Hong Kong, which imports much of its seafood, went from fewer than 10 cases annually in the 1980s to a few hundred now.

Still, Hong Kong diners pay a premium for the risky fish. Rare species like the Napoleon wrasse fetch nearly $50 a pound. The fish are increasingly shipped live from Southeast Asia and as far away as the South Pacific, raising concerns from the World Conservation Union that many species, especially groupers, could be fished out of existence.

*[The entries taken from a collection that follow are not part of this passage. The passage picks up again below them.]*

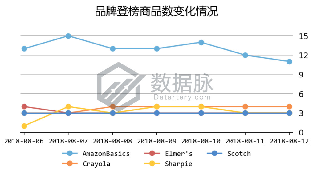 可以看到,在上周Office Products品类的Hot New Releases榜单中, 亚马逊自营品牌AmazonBasics发挥极强的品牌实力,每日至少登榜11款商品,总计91次的成绩位列品牌综合排名第一;品牌Crayola、Elmer's、Sharpie、Scotch登榜次数表现相近,分别位列品牌综合排名第二、三、四、五位。
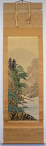 Lot Description:A Japanese Hanging Scroll with Fishermen Navigating the Rapids on a Bamboo Raft, Signed & a Red Seal
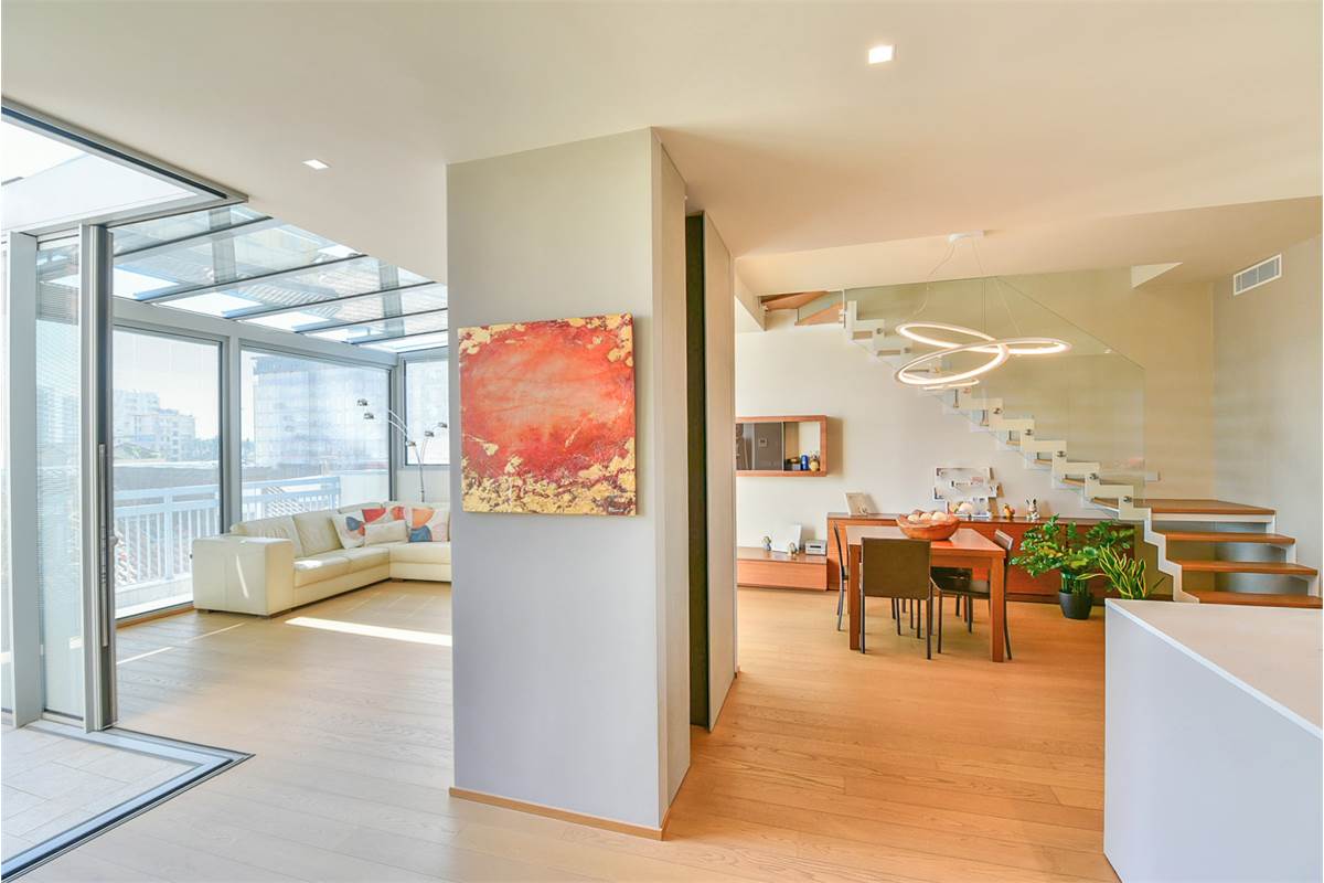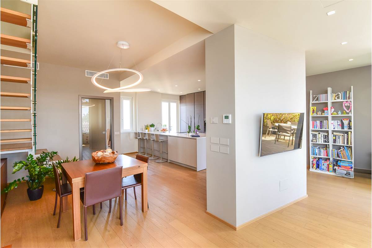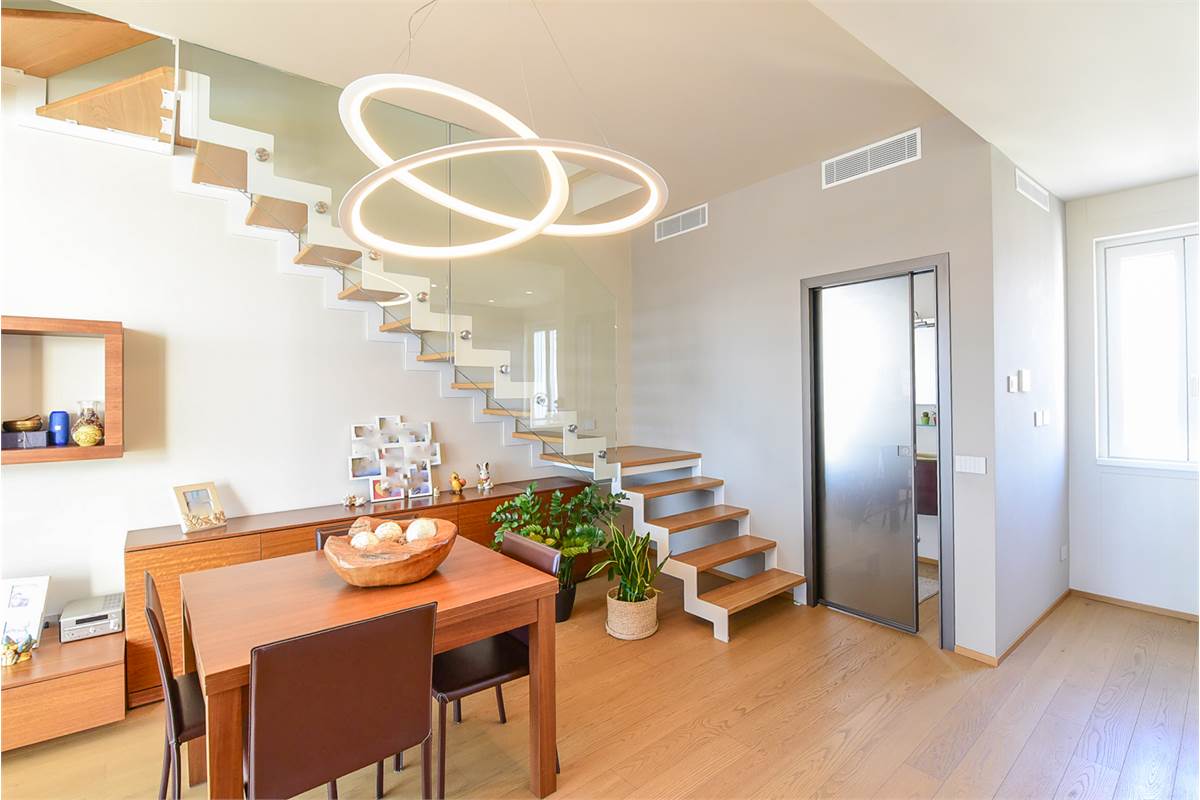 Il piano inferiore è dominato da un grande locale open space, dove la zona giorno si fonde in un'unica area di grande effetto. La cucina, moderna e funzionale, è perfettamente integrata nella sala da pranzo e nella zona living, creando un ambiente arioso e luminoso. La parte della zona giorno è stata realizzata con una serra bioclimatica, che non solo garantisce un notevole risparmio energetico, ma anche un ambiente sano e naturale.
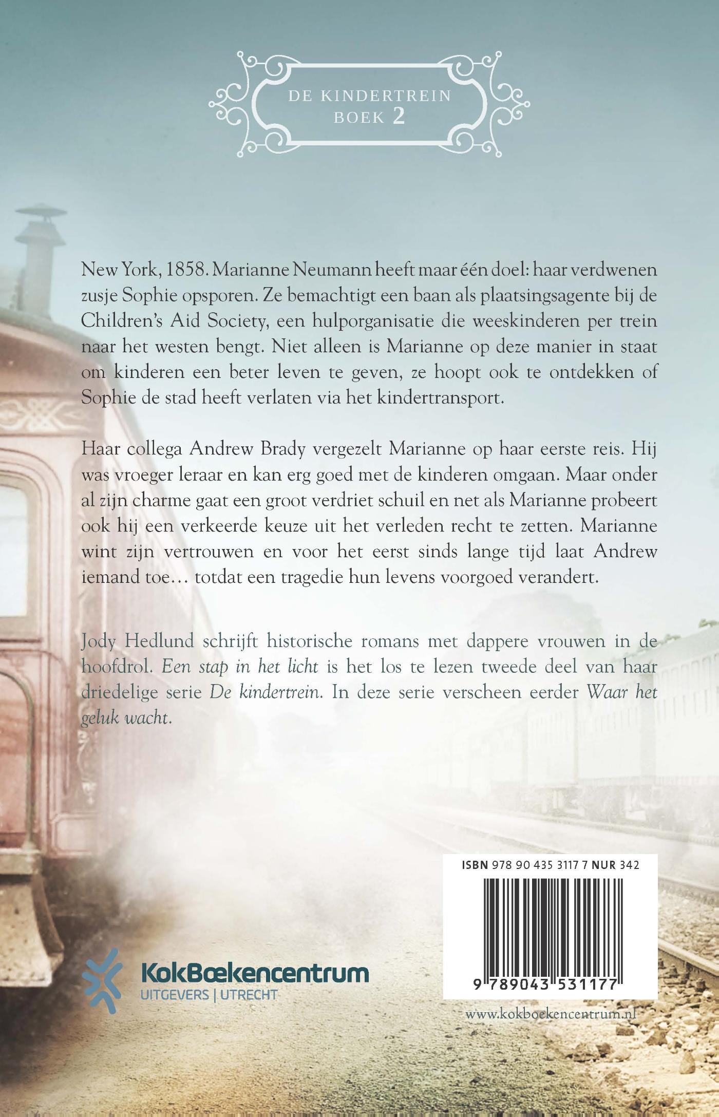 De historische roman ‘Een stap in het licht’ van Jody Hedlund is een verhaal vol liefde over de onbreekbare band tussen zussen. New York, 1858. Marianne Neumann heeft nog maar één doel: haar verdwenen zusje Sophie opsporen. Marianne bemachtigt een baan als plaatsingsagente bij een kinderhulporganisatie, waar ze niet alleen in staat is om kinderen een beter leven te geven, maar waar ze ook hoopt te ontdekken of Sophie de stad heeft verlaten via het kindertransport. Haar collega Andrew Brady vergezelt Marianne op haar eerste reis. Hij was vroeger leraar en kan erg goed met de kinderen omgaan. Maar onder al zijn charme schuilt een groot verdriet en net als Marianne probeert hij ook een verkeerde keuze uit het verleden recht te zetten. Marianne wint zijn vertrouwen en voor het eerst sinds lange tijd laat Andrew iemand toe… totdat een tragedie hun levens voorgoed verandert.
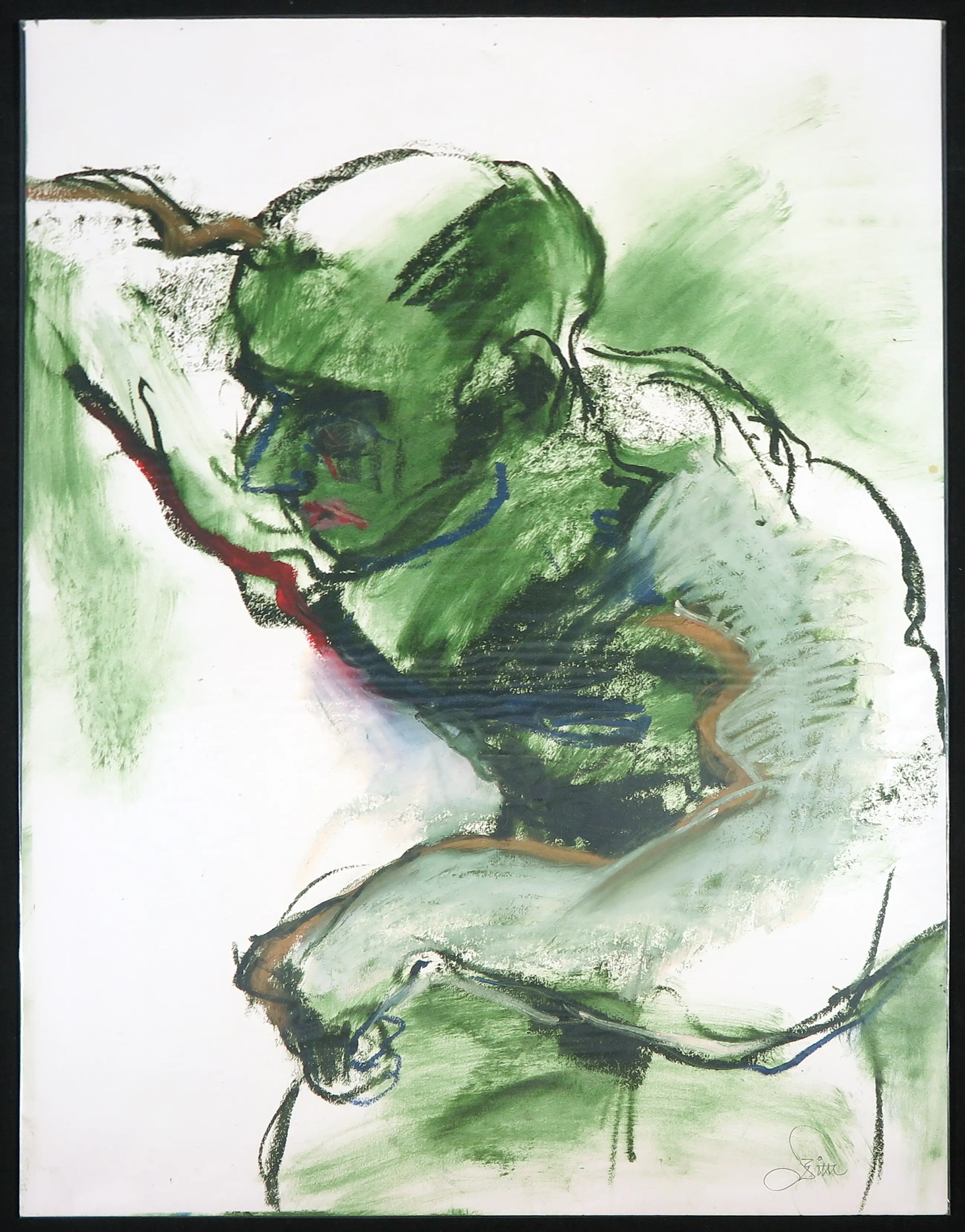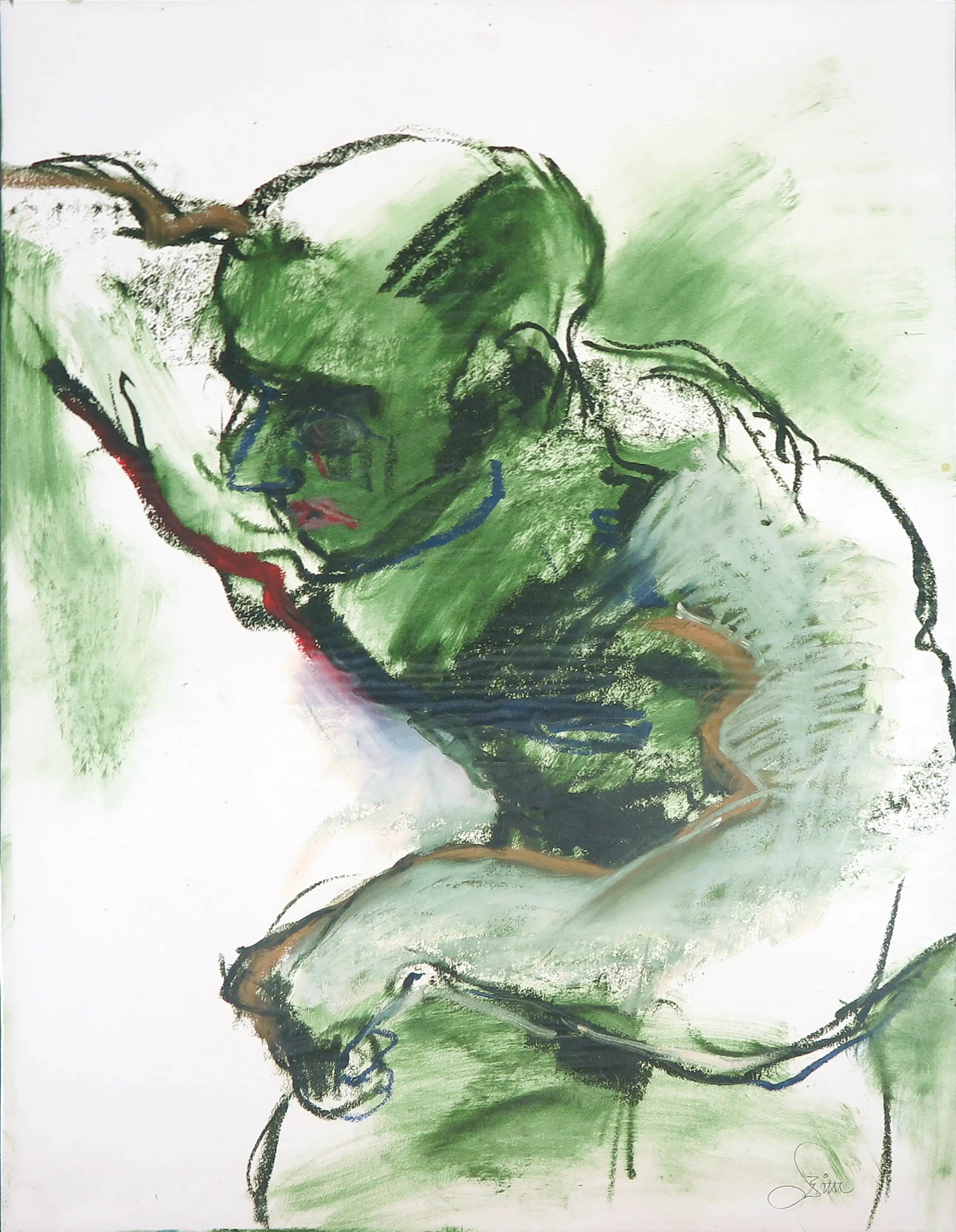 Franscz Witte - Gemengde techniek op papier, Man in groentinten - Verkocht

Professor Yvonne Sadovy, of the University of Hong Kong, predicted that high demand and cash-hungry fishermen mean that "ciguatoxic fish entering markets around the world is going to increase."

Should global warming and pollution worsen and boost ciguatera poisonings, as most experts predict, health officials will face a daunting challenge.

Currently, there is no reliable way to detect whether a fish has ciguatera. The molecule is extremely complex and differs markedly from region to region.

There also is no antidote.

Furthermore, doctors are often ill-equipped to diagnose ciguatera, which has a range of symptoms and is sometimes misdiagnosed as chronic fatigue syndrome or other maladies.

Those challenges faced Dr. Edgar Portigo at Doctors General Hospital in Iloilo, about 265 miles southeast of Manila, when the Roa family and others arrived. The emergency room was filling with patients yelping in pain, vomiting, or, in the case of Dabby Roa, so paralyzed that he had to be carried in by a security guard.

"Normally, you have one or two emergency cases. Here we had 30 plus all at once," from ages 4 to 65, Portigo said.

At first, Portigo surmised the patients had heavy metal poisoning. But when he learned of the common thread — the barracuda dinners — he sent a sample of the fish to Manila for testing. It came back positive for ciguatera.

Portigo gave his patients intravenous drips and a diuretic to relieve their suffering. Most like Roa were released from the hospital in a week, he said, and fully recovered.

"Although this is quite rare, it can happen anytime," said Portigo, noting this was the first ciguatera outbreak in the city.

A relatively quick recovery is the norm, but some have lingering symptoms.

Dennis McGillicuddy, a 65-year-old retired cable television company owner from Sarasota, Fla., fell sick a few hours after eating a mutton snapper he caught off the coast of Bermuda in 2000. Within hours, his vomiting and diarrhea were so severe that he became delirious and was "reduced to crawling," he recalled.

The digestive symptoms lasted two weeks. After that, McGillicuddy became so sensitive to temperature extremes that it was hard to take a shower. Numbness in his extremities lasted for almost a year.

"I've never had anything like this," said McGillicuddy, who still occasionally feels tingling in his left arm. "You feel terrible all over your body."

The U.S.

Food and Drug Administration and others who monitor ciguatera say they are hampered by the lack of a reliable test. Bans on certain fish or "hot spots" can help, but they often are impractical.

"It's very hard to manage," said professor Richard Lewis, of the University of Queensland in Australia, who has studied ciguatera. "Unless you don't eat the fish, you have a risk of getting ciguatera."

Poorer countries often lack even rudimentary measures to protect consumers. Those precautions that do exist are undermined by government corruption or lack of enforcement.

Hong Kong has refused to enact mandatory measures to prevent ciguatera despite increased outbreaks. It argues that educating consumers and traders is the answer, rejecting calls to crack down on traders or ban fish from suspect areas.

"Given the fact we eat so much seafood in Hong Kong, this should be one of the priorities in protecting the population," Sadovy said. "I just hope we don't have to wait for someone to die before something is done."

In Iloilo, fear has done what the Philippine government has not. Consumers stopped buying barracuda after the ciguatera outbreak. Vendors have switched to less risky varieties.